Jong-Il, l’ateo irriducibile che nel 2002 diede il benestare all’edificazione sul suolo nordcoreano di una chiesa ortodossa dedicata alla Trinità dopo essere stato stregato dagli affreschi e dai profumi della chiesa di sant’Innocenzo di Irkutsk, fece arrivare all’indirizzo del Vaticano un invito formale. Wojtyła ringraziò, ma volle porre una condizione: la possibilità di inviare preti nominati dal Vaticano per soddisfare i bisogni spirituali dei cattolici nordcoreani – che, si stima, possano essere tra le poche centinaia e i cinquemila.

Jong-Il aveva da poco incontrato l’omologo sudcoreano e la pace tra i due gemelli separati dalla guerra fredda sembrava dietro l’angolo; l’approdo a Pyongyang di Giovanni Paolo II non avrebbe potuto che dare impulso al processo di riunificazione. Calato il sipario, però, del viaggio apostolico non se ne sarebbe fatto nulla. Una replica sarebbe andata in scena diciotto anni dopo: lo storico incontro tra Kim e Donald Trump a Singapore, le grandi aspettative, l’invito esteso al sovrano della Chiesa cattolica e, infine, il silenzio.

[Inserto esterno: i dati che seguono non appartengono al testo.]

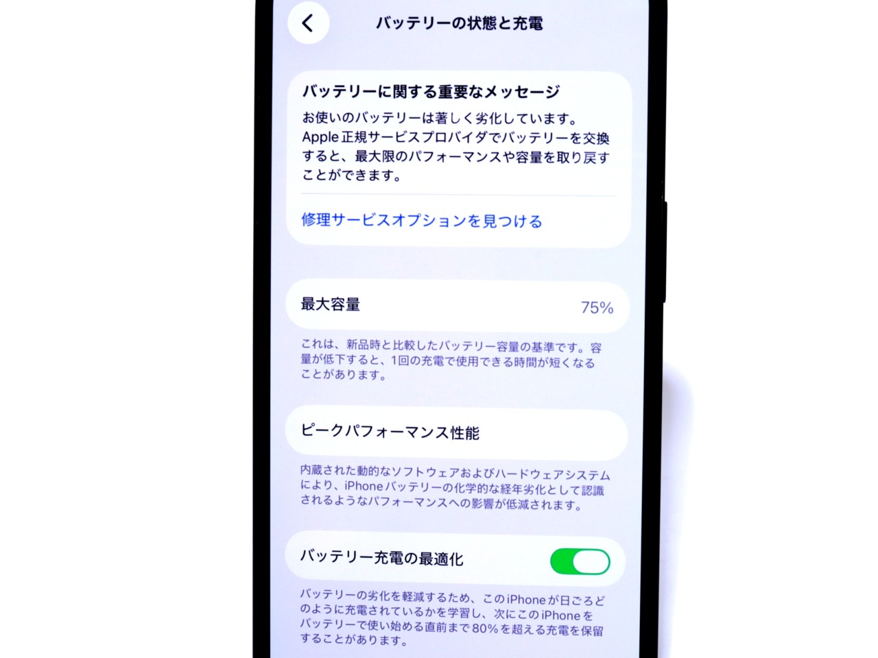バッテリー最大容量=75%です。修理推奨表示がでております。
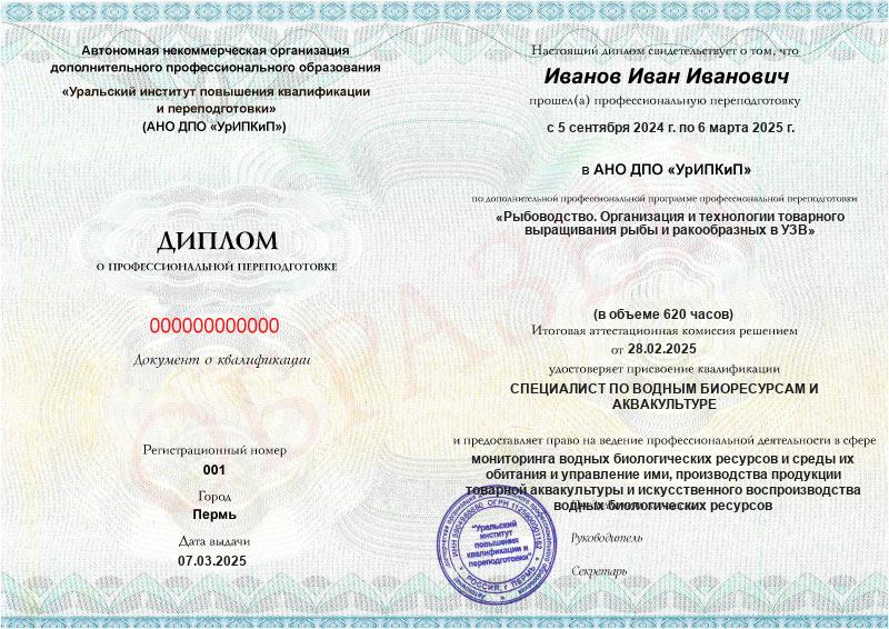 • Диплом о профессиональной переподготовке с присвоением квалификации «Рыбовод». Вносится в Федеральный реестр документов об образовании.
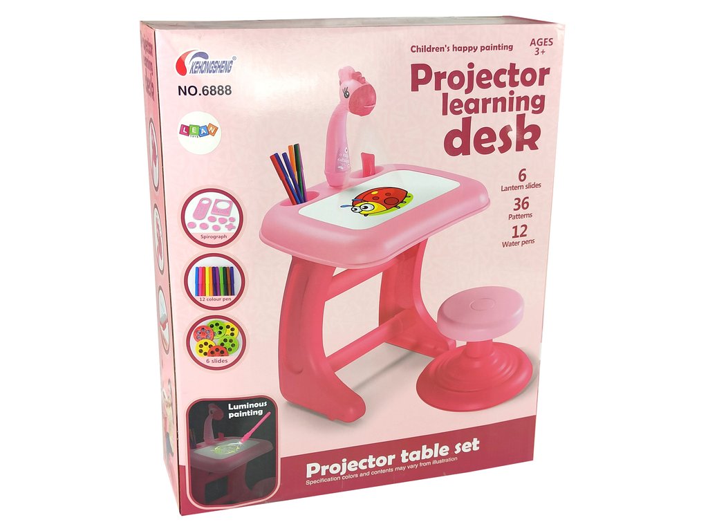 A készlet tartalmaz egy kis széket, melynek köszönhetően gyermeke kényelmesen ülhet az asztalnál. A zsámoly és a szék rózsaszín színű, tökéletes kiegészítője lesz a gyerekszobának. Az asztallapon két kis fiók található, amelyekbe a tollak egész sorát el lehet rejteni, mindig kéznél vannak. Az asztal közepén elhelyezett projektor egy zsiráfra emlékeztet. Különböző képeket mutat be állatokkal, amelyek papírra újrarajzolhatók. A készletben található sablonok megtanítják gyermekét a geometriai formák helyes elnevezésére és a betűk írására.
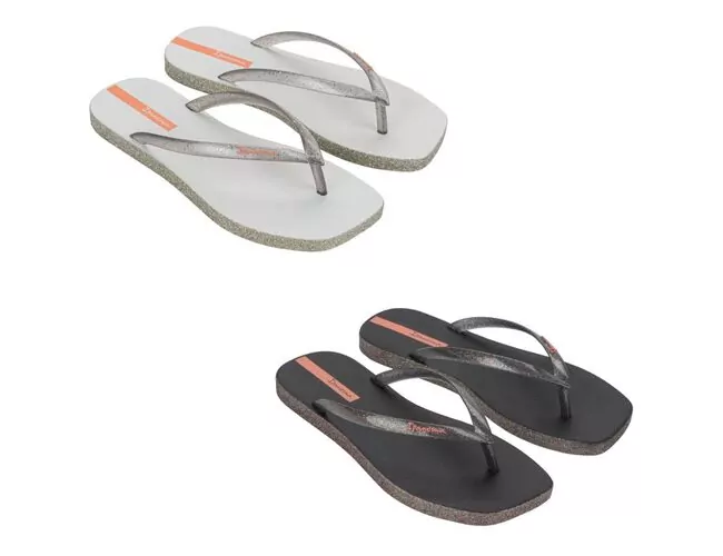 O bico quadrado, já consagrado no mercado feminino, não mostra sinais de desaceleração, se mantendo como diferencial no ponto de venda. Na Ipanema Edge Maxi Glow o glitter completa a entrega, com aplicação em toda a lateral da sola e nas tiras, que com o efeito translúcido entrega muito apelo comercial.
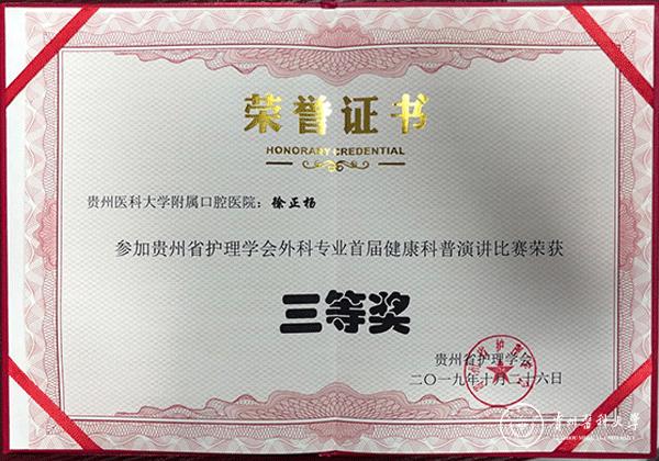 近期,由贵州省护理学会外科护理专业委员会主办,beat365唯一官方网站附属白云医院承办,以“科技促健康,科普惠民生”为主题的贵州省护理学会外科护理专业学术交流会暨健康科普演讲比赛在beat365附属白云医院举行。此次比赛共有全省各市、自治州、省直属40多家医院参赛,附属口腔医院选派口腔颌面外科护士徐正杨参赛。
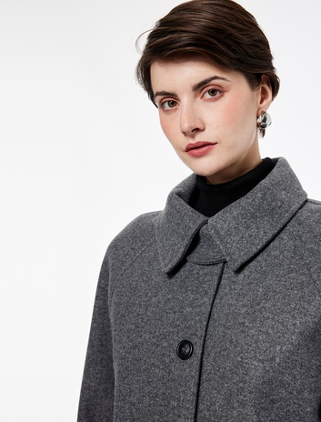 Cepli Düğmeli Kruvaze Uzun Kollu Kısa Kaşe Kaban

Da ieri a oggi, però, molte cose sono cambiate. Il Vaticano, invero, è stato attraverso da dei processi trasformativi notevoli che potrebbero persuadere la diffidente dirigenza nordcoreana a mantenere la parola data e ad accordare il magnum eventum. Perché la Chiesa cattolica non combatte più contro il comunismo, ma per trasmigrare in Asia. Perché la Chiesa cattolica si è emancipata dall’alleanza totale che l’ha storicamente legata all’Occidente, come dimostrano le mosse del duo Francesco-Parolin nello scacchiere internazionale. E perché un incontro con il costruttore di ponti in una terra costellata di muri non potrebbe che avere ricadute benefiche per tutti, in primis per l’isolato Kim, che dal padre ha ereditato lo scettro, le alleanze e, non meno importante, una chiesa ortodossa a memoria di quanto sia importante la Croce nelle relazioni internazionali.